Song
- Language: German
- English title: "In Heaven There is No Beer"
- Published: 1956
- Genre: Drinking song
- Composer: Ralph Maria Siegel
- Lyricist: Ernst Neubach

= In Heaven There Is No Beer =

Polka song

"In Heaven There is No Beer" is a polka song about the existential pleasures of beer drinking. The title of the song implies a reason for drinking beer while you are still alive. The song in German is "Im Himmel gibt's kein Bier", in Spanish, "En El Cielo No Hay Cerveza". It was originally composed as a movie score for the film Die Fischerin vom Bodensee, 1956, by Ernst Neubach and Ralph Maria Siegel. The English lyrics are credited to Art Walunas.

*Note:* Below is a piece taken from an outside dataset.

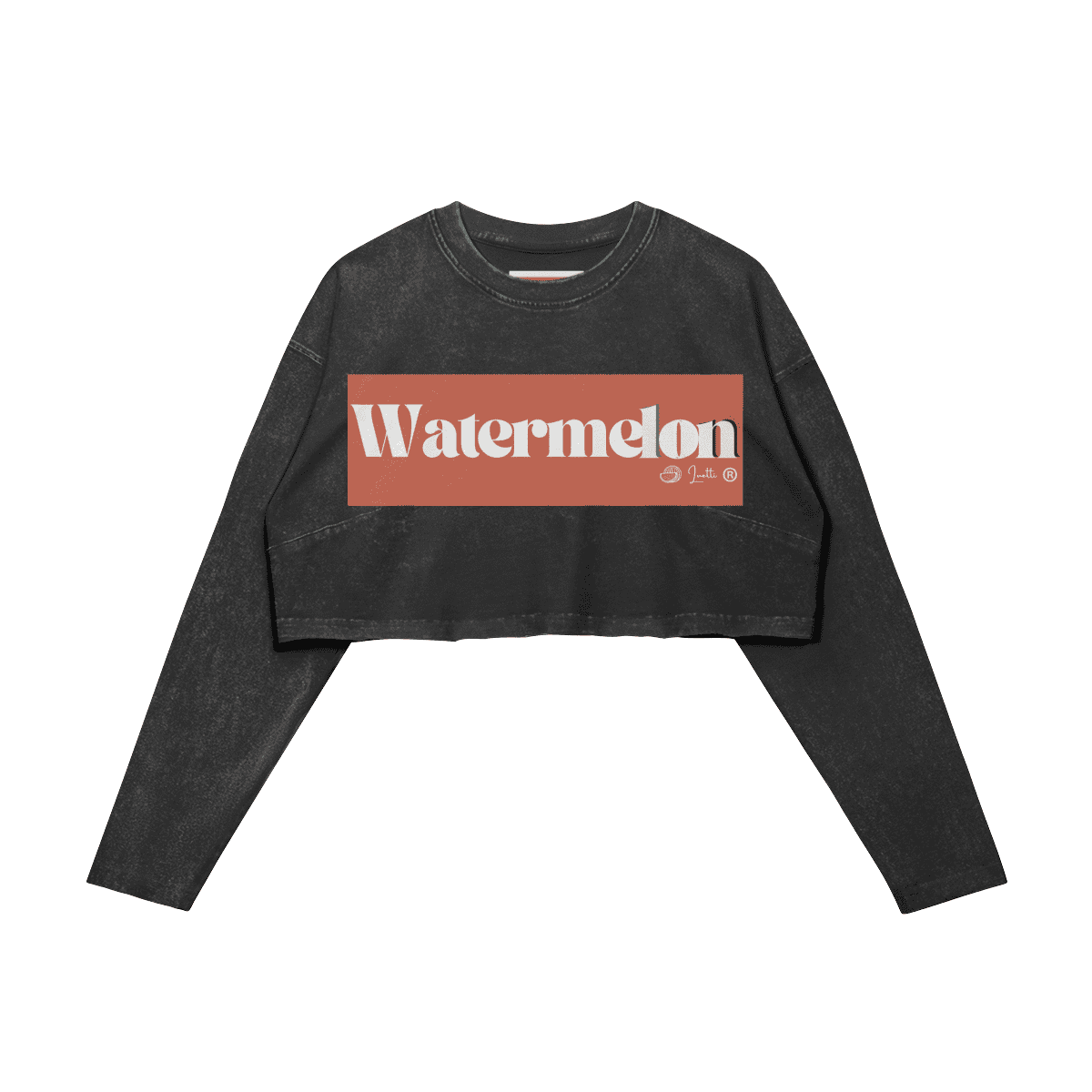 Introducing our Watermelon Women Cropped Faded Raw Hem Long Sleeve crew, a symbol of solidarity with Palestine. This unique design features drop shoulders and a raw hem for a relaxed, casual look. With its midriff-baring and boxy fit, this shirt offers both comfort and style. The washed effect adds a vintage touch, while the 100% combed cotton fabric ensures softness and durability. Constructed with 32 count plain weave and pre-shrunk for a perfect fit wash after wash, this shirt is designed to last. Side-seamed construction and binding taped neck and shoulders provide added strength and structure. The double-stitched ribbed collar and coverstitch cuffs add a touch of sophistication, while the raw edge hem completes the edgy aesthetic. For care instructions, wash on the reverse side with neutral detergents, avoiding soaking, sun exposure, and bleaching. Iron, steam, or tumble dry at low temperature (max 30℃ or 90℉) to maintain the integrity of the design

The song was the inspiration for the title of the 1984 film and 1985 Sundance Film Festival winner, In Heaven There Is No Beer?, which also featured the song "Who Stole the Kishka?"

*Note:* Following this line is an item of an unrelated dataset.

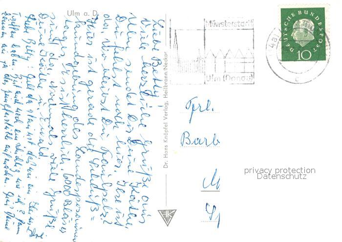 73174730 alte Postkarte Ulm Donau postalisch gelaufen Erhaltung siehe scans [NatalD47] KatCode: 11110008421000

A version of the song by the Amherst, Massachusetts, band Clean Living became a hit in 1972 (US Billboard #49, Cash Box #34; Canada #51, New Zealand #16).

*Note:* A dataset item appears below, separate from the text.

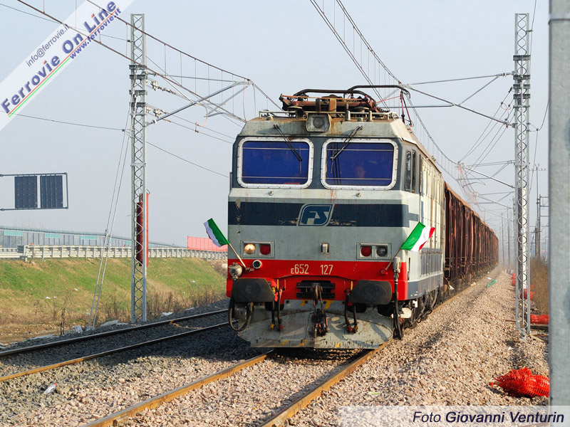 Passaggio inaugurale con un treno merci della E.652.127 da Ponte di Brenta verso Padova, sul quadruplicamento della linea Padova - Mestre. (Foto Giovanni Venturin, 30 dicembre 2006)

The song is often played by college marching bands, most notably the Iowa Hawkeye Marching Band where it is known as the Hawkeye Victory Polka, and also Western Thunder Marching Band at the University of Wyoming, where it is called "The Beer Song." Students will chant "Beer Song" at home games until the band plays the song. The song is also played by North Dakota State University's Gold Star Marching Band following a Bison win in football games.